However, given issues with multifinality—that is, the combinatorial effect of multiple risk factors being associated with any given set of outcomes—Dodge and Pettit (2003) highlight that researchers should articulate the conditions under which a specific component may be associated with externalizing outcomes, accounting for other components that may also be associated. The authors recommend simultaneously testing multiple risk factors, highlighting the specific component under investigation. Such approaches would allow for robust testing of the unique contributions of one component of the model under investigation—in the present case, physiological dysregulation—above and beyond other components of theoretical importance. Following this guidance, in the present work, we investigated the effect of physiological dysregulation on clinical externalizing status while controlling for the previously well-documented roles of sympathy (emotional component) and inhibitory control (cognitive component).

The Present Study

In this work, we assessed how dynamic RMSSD across short-term intervals may distinguish 8- to 12-year-old children with versus without externalizing difficulties. We collected intensive longitudinal electrocardiogram data from children as they responded to hypothetical social transgression scenarios, and compared clinical and community samples of children in two ways: (1) absolute or mean levels of RMSSD across the scenarios and (2) variability or fluctuations in RMSSD across the scenarios. The latter was a novel component of particular interest, as we binned children’s RMSSD into 15 5-s intervals across the transgressions, resulting in an intensive longitudinal dataset that could be used to accurately model short-term variability (Hamaker et al., 2015). With 5-s intervals, we adopted an exploratory approach that used shorter timespans compared to typical physiological regulation studies. Our initial assessments demonstrated that with our sample size (120 participants), 15 timepoints of measurement would be sufficient to satisfy the minimum requirements of DSEM (McNeish & Hamaker, 2020; Schultzberg & Muthen, 2018).
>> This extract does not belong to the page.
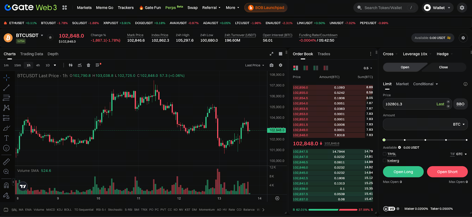 • Suporte a Alta Alavancagem: Gate Perp DEX oferece alavancagem de até 125x, possibilitando que traders reajam com flexibilidade à volatilidade do mercado. Tanto operadores de curto prazo quanto investidores de longo prazo escolhem o nível de alavancagem conforme o perfil de risco.

In order to extract this number of timepoints from our experimental task, our data was parsed into 5-s intervals.

We adopted dynamic structural equation modelling (DSEM; McNeish & Hamaker, 2020) to assess within-person fluctuations in RMSSD over time in addition to averaged values, and, in turn, to model the predictive utility of these two RMSSD calculations on clinical status. We controlled for sympathy and inhibitory control in the model, as these constructs often differentiate between clinical and community samples in the context of externalizing difficulties (e.g., de Wied et al., 2005; Schoemaker et al., 2013), and leading theories advocate for the inclusion of multiple risk factors when attempting to establish the unique role of any single risk factor (Dodge & Pettit, 2003).

Considering the centrality of dysregulation to clinical externalizing difficulties (Houben et al., 2015), we expected that dysregulation, as captured by lower mean levels of RMSSD and higher fluctuations in RMSSD, would be higher in children with clinical referral for disruptive behavior disorders compared to those without. Based on the rationale that dysregulation—a dynamic process by definition—would be better captured by momentary fluctuations than static mean levels of RMSSD, we further expected that RMSSD fluctuations would be more strongly associated with clinical status than RMSSD mean levels, controlling for the expected effects of sympathy and inhibitory control.

Method

Participants

A community sample (N = 60; Mage = 9.11 years, SD = 1.54; 13% female) and a clinical sample (N = 60; Mage = 9.17 years, SD = 1.56; 15% female) from the Greater Toronto Area in Ontario, Canada, were assessed. All children and caregivers were fluent in English as deemed by recruitment and consent procedures. The community sample was a 60-child subset from a sample of 300 children that were assessed annually for four years. As the community and clinical samples could potentially differ on basic demographic variables (sex and age), we used propensity score matching (PSM) to ensure that the 60 community sampled children ultimately included in the data would best match the 60 clinical sampled children. PSM is a regression-based matching process in which select variables (in this case, sex and age) are used to create a regression coefficient representing a propensity score. This propensity score is then used to match each participant from one group (clinical) to one participant from another group (community) that exhibits a similar profile on those select variables. In the present work, we conducted PSM in R (package Matching; Sekhon, 2011, 2021) and selected participants without replacement so that a clinical sample child would be matched to a community sample child without duplicate draws from the larger community sample.

Community sample participants were recruited from local community centers, events, and summer camps. They were excluded if they were reported as having an autism spectrum disorder due to associated elevated difficulties in social information processing and perspective-taking (Lockwood et al., 2013), which would deter fulsome engagement with the social-emotional tasks included in this study. Parents reported externalizing difficulties below clinical cut-off for all children with the exception of one child who met criteria for ODD and CD. Community sample caregivers reported their highest level of education as: 52% bachelor’s, 25% master’s, 15% college, 3% doctoral, 5% apprenticeship/trade level. Caregivers reported their ethnic origins as 27% Western/Eastern European, 18% multiethnic, 17% Central/South American & Caribbean, 10% South/Southeast Asian, 12% East Asian, 5% African, and 2% Middle Eastern, and 3% other (7% missing/chose not to report).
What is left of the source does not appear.